The department adapted its amphitheatre programs to a campfire-style series and provided more individual learning opportunities using online resources and self-guided hikes. The department expanded a 12-month hike challenge at Fort Abraham Lincoln State Park to all the state parks. The department also was able to obtain $7.9 million from the Legislature to modernize aging park infrastructure.

Travnicek said her decision to return to North Dakota from Washington was prompted by a desire to move closer to family and to work on issues that affect North Dakotans.

“I’m just an individual that really enjoys trying to find solutions to some of these complex issues and being able to do that in my home state,” she said.

Natural resource management offers the type of complex issues that intrigue her, she said.

“Water touches everyone, whether you’re an individual landowner, agricultural producer, business entity,” Travnicek said. “It’s just so regional, national and international.”

Because of the broad scope of water issues, Travnicek cited the importance of staying aware of changing priorities at different levels of government and making sure that North Dakota’s interests are considered.

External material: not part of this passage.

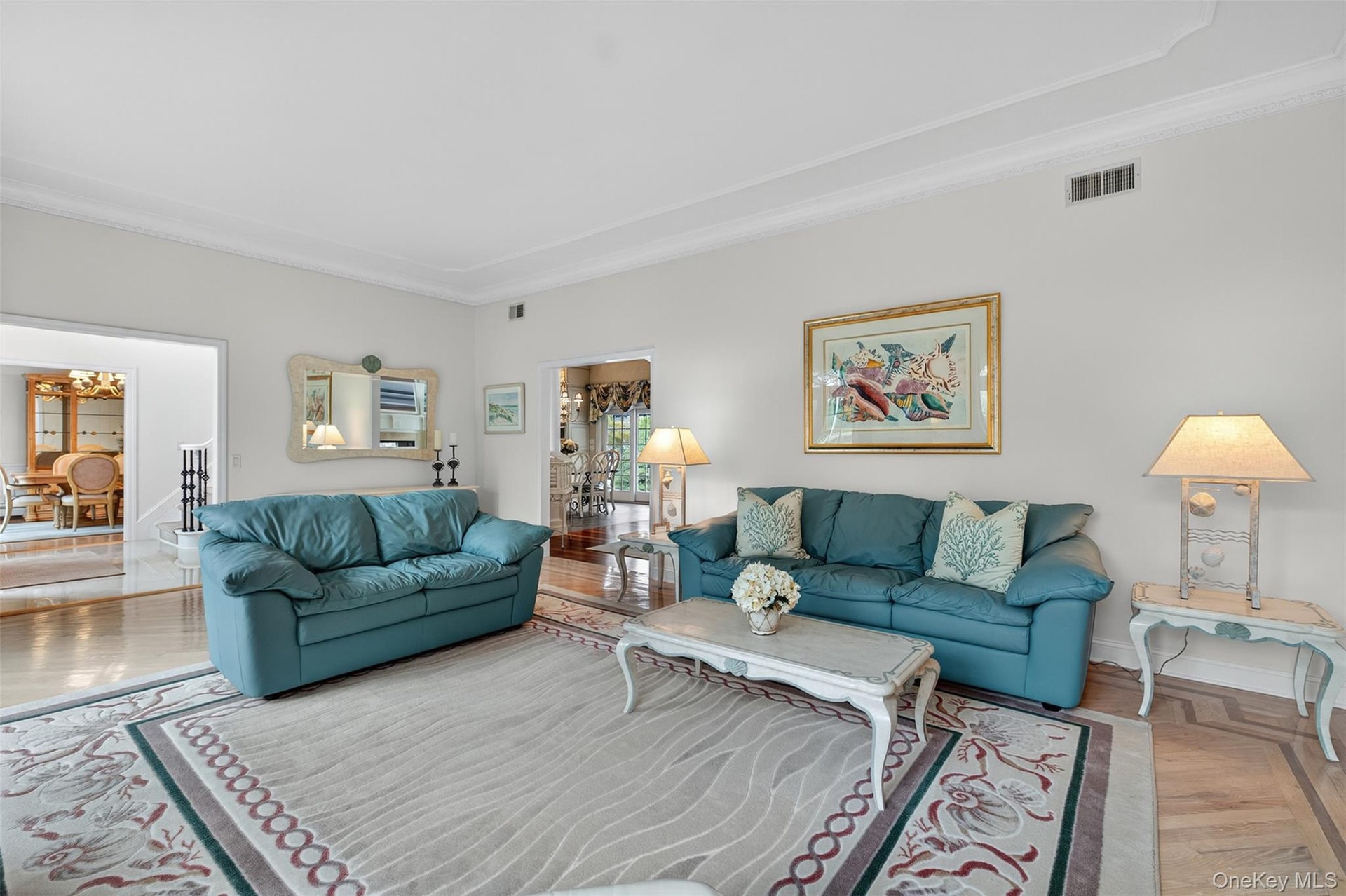 - Living room featuring a chandelier, crown molding, and parquet flooring

“At times we do have to ask for that federal government assistance, but, of course, we also don’t like those times when they’re trying to overreach as well, so you definitely have to try to navigate and then bring your situations to the table,” she said. “Being at the table is a big deal. You want to make sure that they know who you are and what you’re looking for and how you can, hopefully, work together.”

Travnicek brings to the new department her experience in working with the U.S. Army Corps of Engineers and Department of the Interior on projects in California and along the Colorado River, the Everglades and Columbia River. She also has a familiarity with the large flood protection and water supply projects in North Dakota. Her family members were impacted by the 2011 flood in Minot.

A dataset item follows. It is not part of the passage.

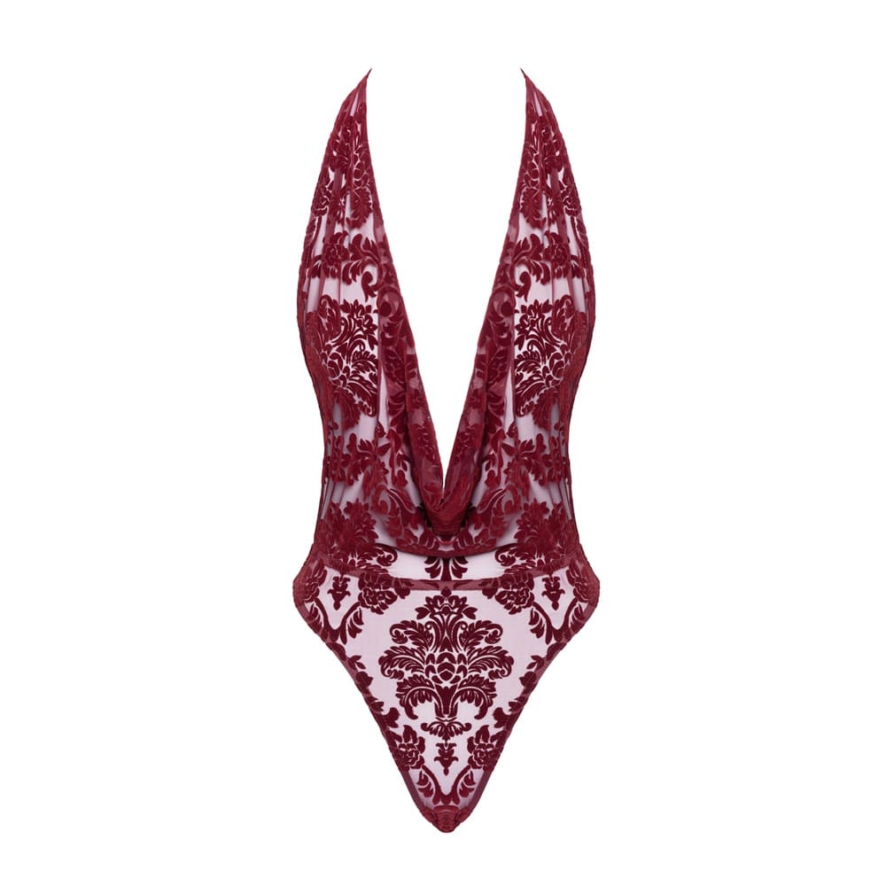 This sensual burgundy flocked bodysuit is the ultimate statement piece for daring elegance. Crafted from a soft, velvety flocked fabric, it feels luxurious against the skin while comfortably contouring your figure for a second-skin fit. Wear it on its own for a head-turning look or easily layer it for versatile style. The design showcases beautiful feminine lines with an elegant cowl neckline and a striking open back. The thong cut ensures a sleek, elongated silhouette. Embrace subtle seduction and confident style with this piece that perfectly blends sophistication and daring fashion. FOR MORE PRODUCT INFORMATION, please, visit the main product's page down below or visit one of our physical stores in Limassol and ask our staff for product presentation…

“It’s really exciting to put the water hat back on and and really dive into it because I think we are at an important time with the drought that’s upon us and with some of the things that we might be seeing coming down from the federal side that we need to make sure that we’re staying on top of,” she said. “So it’s great to be able to be in this role now and really step up and assist Governor Burgum and the citizens of North Dakota with trying to figure out how we can get people access to water in efficient and cost effective ways.”